## Work to be completed
Beginning with the line that holds "野畑妃菜乃さんの総運は40画の2点!" in the data below, give again every line through the one that holds "Box of Oranges", exactly as written.

## Records to use
───
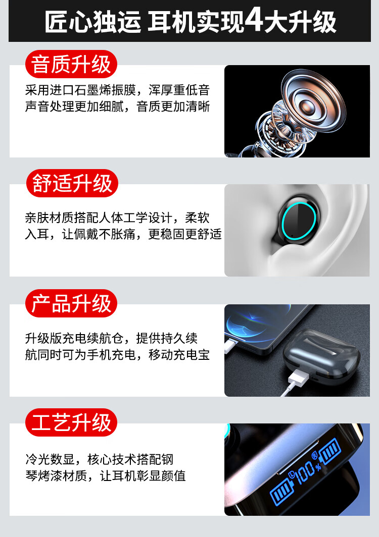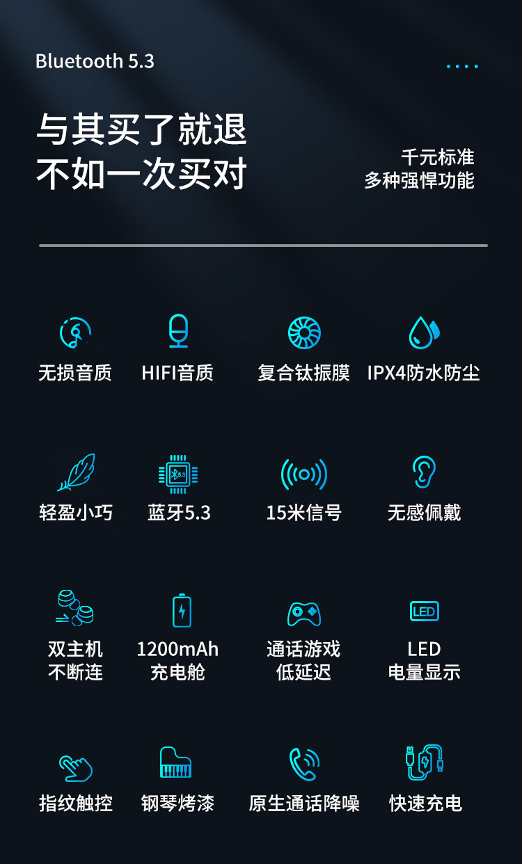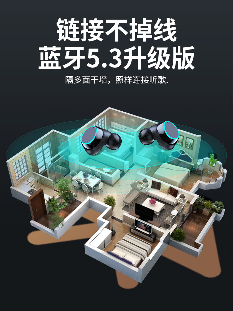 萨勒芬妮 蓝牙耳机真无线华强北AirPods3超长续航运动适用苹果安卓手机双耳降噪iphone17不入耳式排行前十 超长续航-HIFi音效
───
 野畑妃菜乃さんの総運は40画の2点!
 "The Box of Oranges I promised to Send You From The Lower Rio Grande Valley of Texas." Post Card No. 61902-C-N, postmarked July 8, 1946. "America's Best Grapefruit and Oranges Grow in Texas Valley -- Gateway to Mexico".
───
## Answer for this exercise
 野畑妃菜乃さんの総運は40画の2点!
 "The Box of Oranges I promised to Send You From The Lower Rio Grande Valley of Texas." Post Card No. 61902-C-N, postmarked July 8, 1946. "America's Best Grapefruit and Oranges Grow in Texas Valley -- Gateway to Mexico".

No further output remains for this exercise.